BEGIN Source data

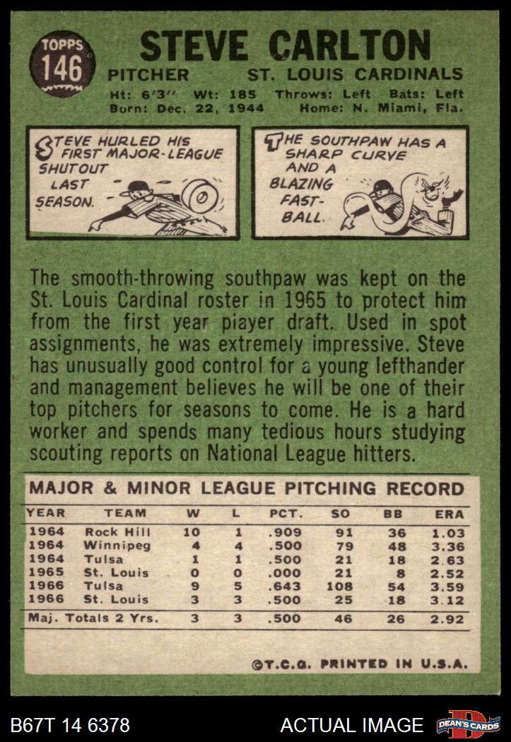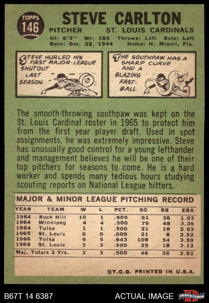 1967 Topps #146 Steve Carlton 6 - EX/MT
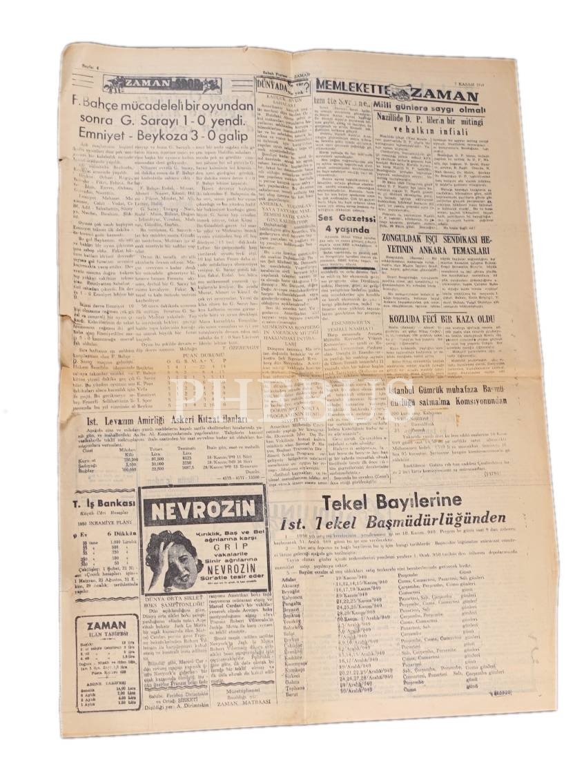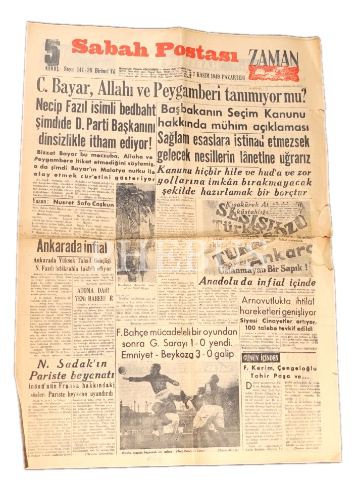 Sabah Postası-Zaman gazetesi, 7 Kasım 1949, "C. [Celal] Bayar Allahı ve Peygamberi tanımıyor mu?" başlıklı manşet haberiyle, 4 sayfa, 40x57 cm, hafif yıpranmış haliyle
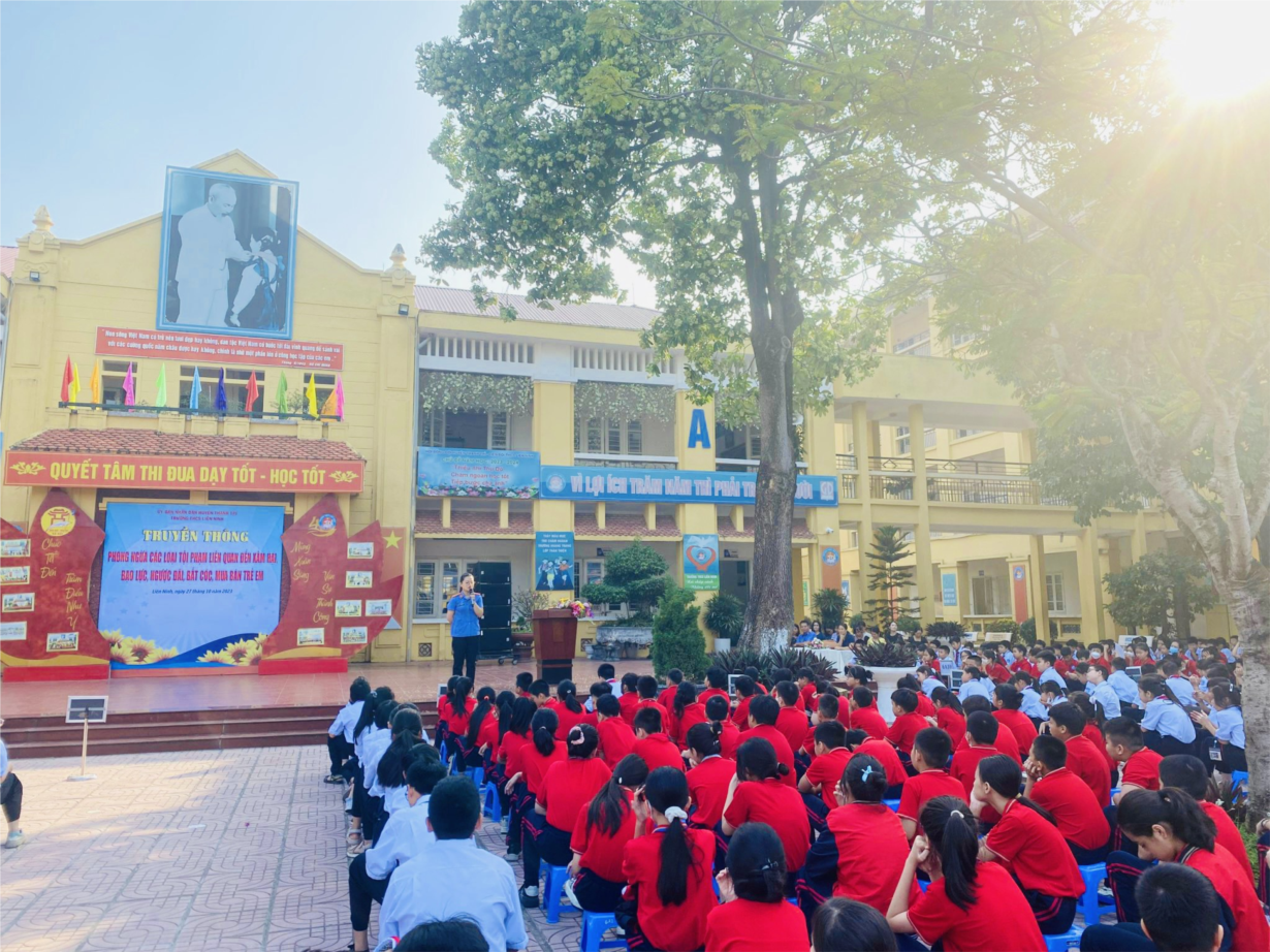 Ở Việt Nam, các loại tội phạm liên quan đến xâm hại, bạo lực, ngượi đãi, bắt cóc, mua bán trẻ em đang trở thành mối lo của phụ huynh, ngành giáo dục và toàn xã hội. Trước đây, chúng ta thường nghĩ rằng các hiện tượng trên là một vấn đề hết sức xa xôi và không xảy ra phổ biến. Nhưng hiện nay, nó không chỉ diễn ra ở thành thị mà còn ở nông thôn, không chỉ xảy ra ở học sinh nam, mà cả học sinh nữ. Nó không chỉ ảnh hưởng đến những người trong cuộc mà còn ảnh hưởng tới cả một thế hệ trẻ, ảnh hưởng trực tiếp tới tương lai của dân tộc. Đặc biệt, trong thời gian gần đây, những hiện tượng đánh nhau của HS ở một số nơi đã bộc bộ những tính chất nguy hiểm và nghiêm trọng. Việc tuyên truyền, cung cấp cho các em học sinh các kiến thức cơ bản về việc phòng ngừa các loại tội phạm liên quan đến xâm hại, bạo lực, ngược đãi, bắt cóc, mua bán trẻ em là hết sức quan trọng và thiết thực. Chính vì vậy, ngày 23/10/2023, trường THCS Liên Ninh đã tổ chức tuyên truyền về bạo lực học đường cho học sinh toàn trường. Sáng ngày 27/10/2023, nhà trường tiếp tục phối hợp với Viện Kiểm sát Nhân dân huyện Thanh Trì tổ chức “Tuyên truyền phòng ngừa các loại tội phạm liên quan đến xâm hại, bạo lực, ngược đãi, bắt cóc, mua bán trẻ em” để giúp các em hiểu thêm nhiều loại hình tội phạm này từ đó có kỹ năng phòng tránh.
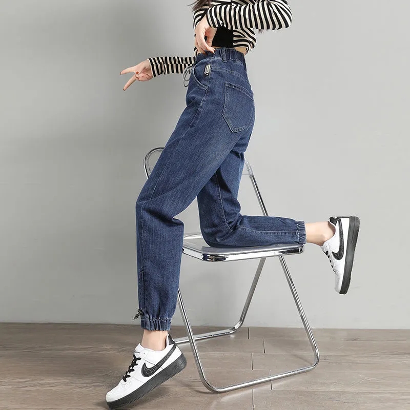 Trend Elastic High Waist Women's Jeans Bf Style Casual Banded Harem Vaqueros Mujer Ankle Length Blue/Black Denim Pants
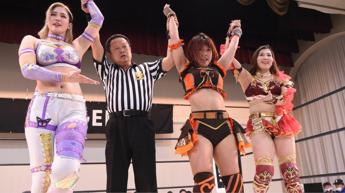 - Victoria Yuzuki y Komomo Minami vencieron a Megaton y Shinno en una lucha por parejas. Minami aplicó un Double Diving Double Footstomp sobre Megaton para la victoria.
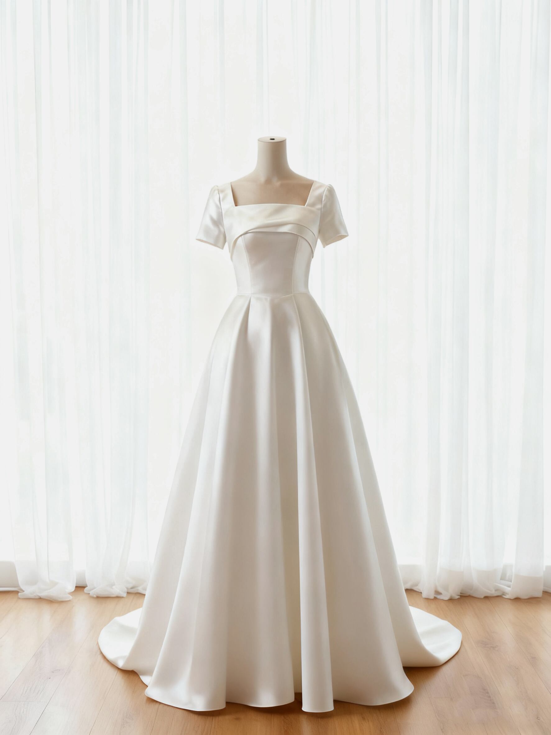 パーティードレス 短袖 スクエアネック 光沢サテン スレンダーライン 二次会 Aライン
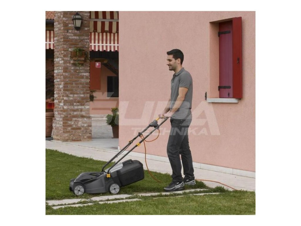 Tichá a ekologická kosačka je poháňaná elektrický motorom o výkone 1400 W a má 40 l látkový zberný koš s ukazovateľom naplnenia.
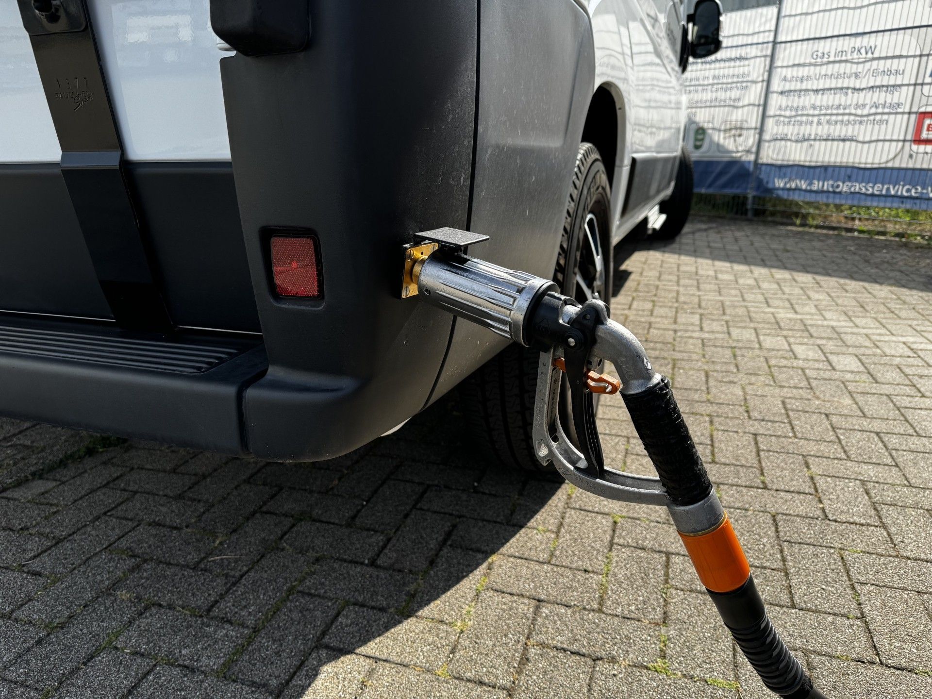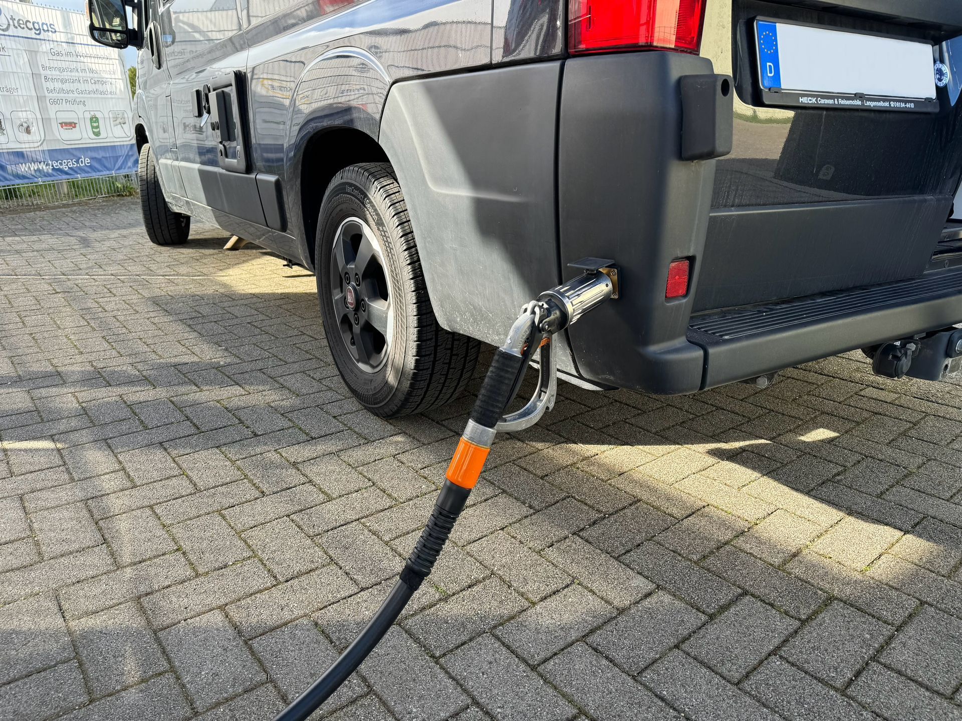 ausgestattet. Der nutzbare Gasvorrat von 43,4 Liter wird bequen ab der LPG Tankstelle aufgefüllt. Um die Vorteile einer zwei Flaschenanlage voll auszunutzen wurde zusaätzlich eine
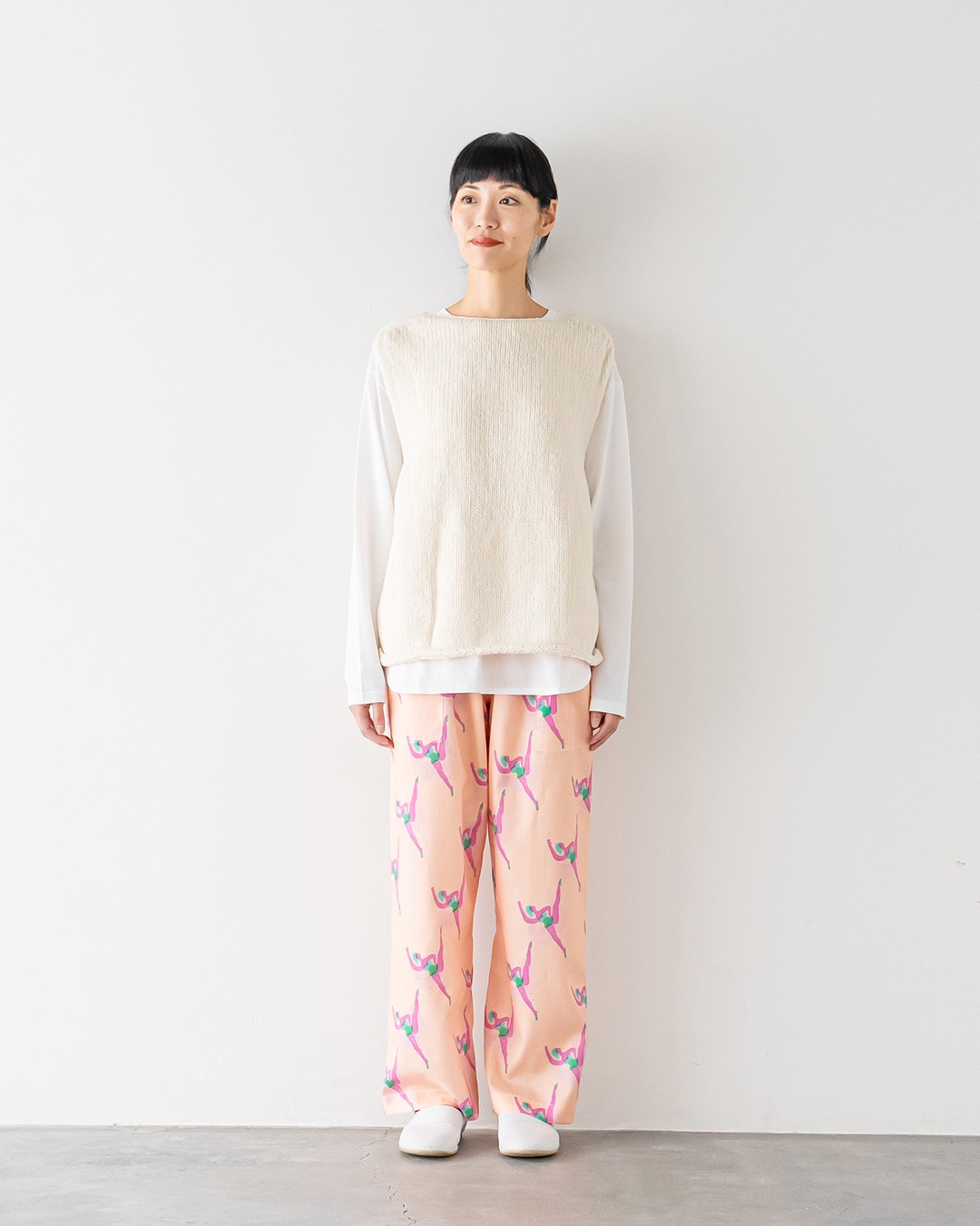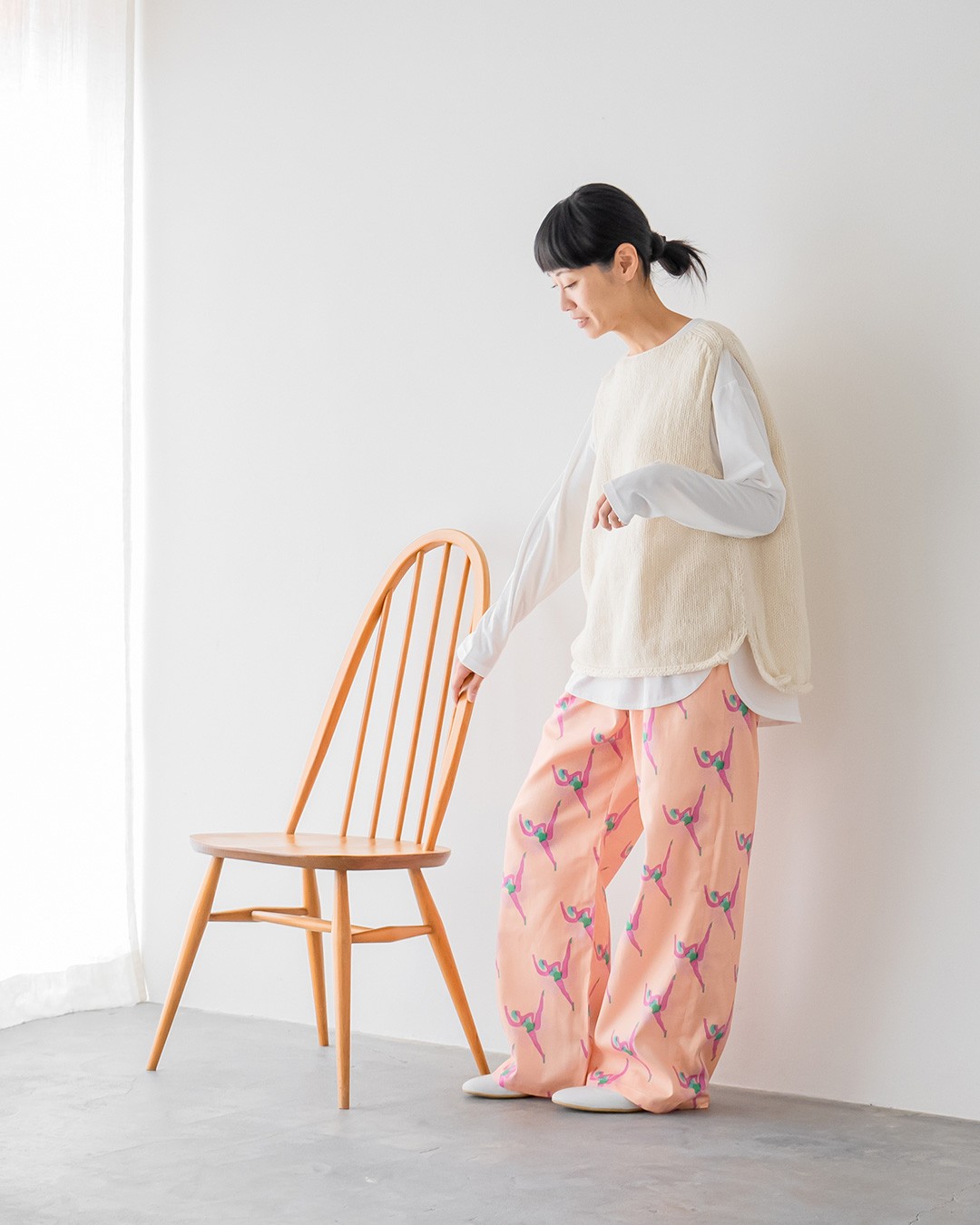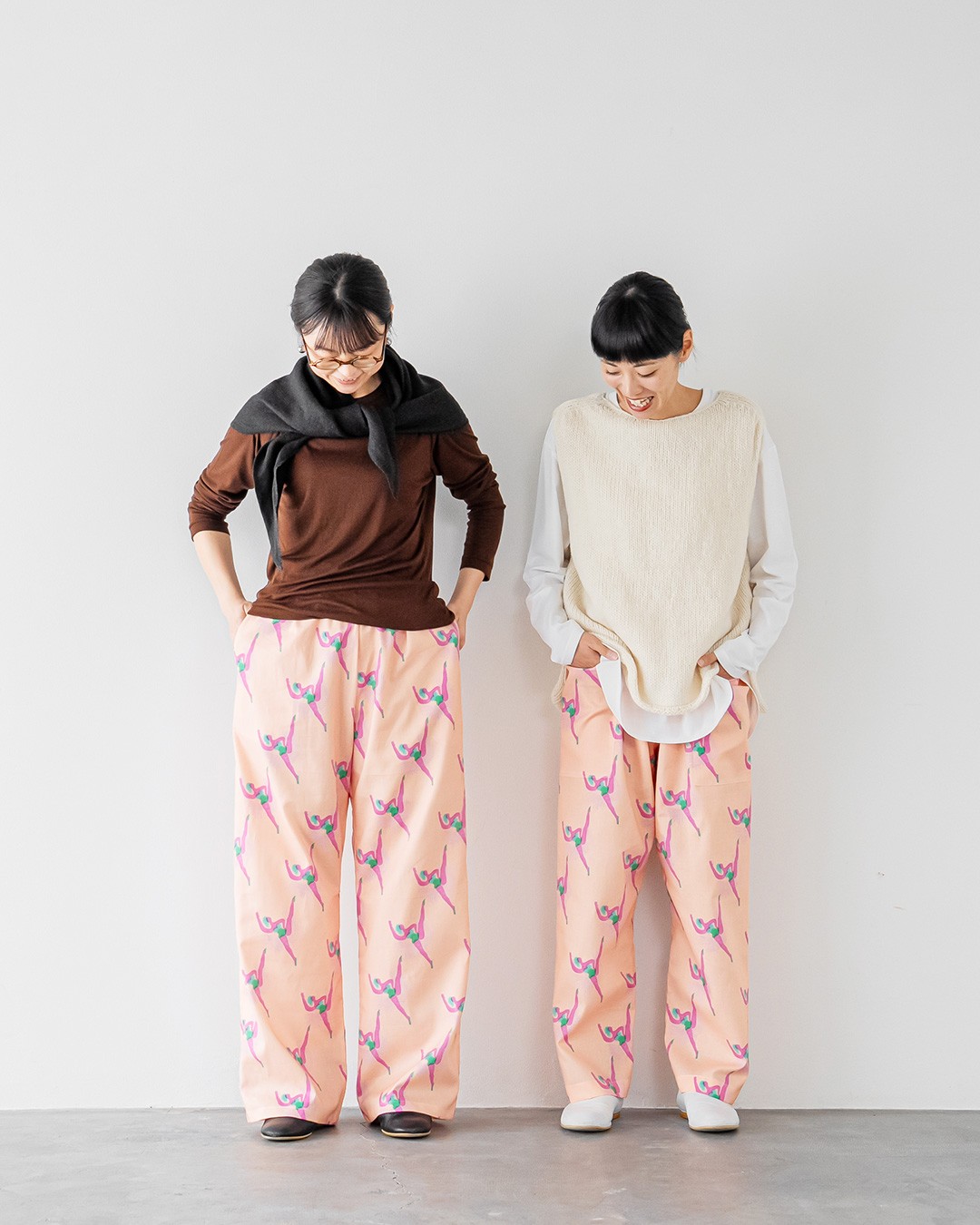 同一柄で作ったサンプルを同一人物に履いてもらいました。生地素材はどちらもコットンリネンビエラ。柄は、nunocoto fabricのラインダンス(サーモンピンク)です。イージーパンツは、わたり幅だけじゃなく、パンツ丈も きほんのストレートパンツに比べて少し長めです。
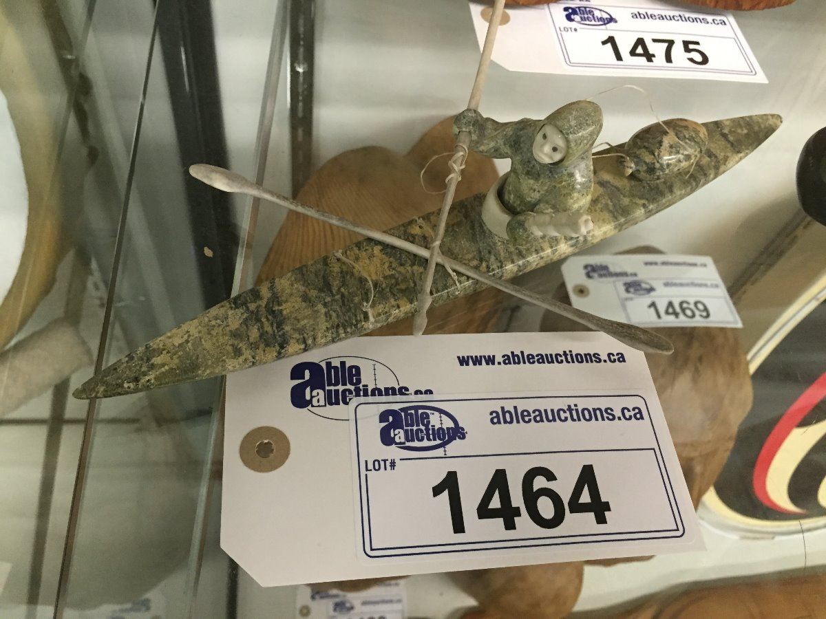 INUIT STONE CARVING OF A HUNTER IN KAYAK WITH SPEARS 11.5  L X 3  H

END Source data

■ What to produce
Drop the pictures, then transcribe the lines from the one containing "- Victoria Yuzuki" to the end of the data above, exactly and nothing more.

■ Solution to the exercise
 - Victoria Yuzuki y Komomo Minami vencieron a Megaton y Shinno en una lucha por parejas. Minami aplicó un Double Diving Double Footstomp sobre Megaton para la victoria.
 パーティードレス 短袖 スクエアネック 光沢サテン スレンダーライン 二次会 Aライン
 Tichá a ekologická kosačka je poháňaná elektrický motorom o výkone 1400 W a má 40 l látkový zberný koš s ukazovateľom naplnenia.
 ausgestattet. Der nutzbare Gasvorrat von 43,4 Liter wird bequen ab der LPG Tankstelle aufgefüllt. Um die Vorteile einer zwei Flaschenanlage voll auszunutzen wurde zusaätzlich eine
 同一柄で作ったサンプルを同一人物に履いてもらいました。生地素材はどちらもコットンリネンビエラ。柄は、nunocoto fabricのラインダンス(サーモンピンク)です。イージーパンツは、わたり幅だけじゃなく、パンツ丈も きほんのストレートパンツに比べて少し長めです。
 INUIT STONE CARVING OF A HUNTER IN KAYAK WITH SPEARS 11.5  L X 3  H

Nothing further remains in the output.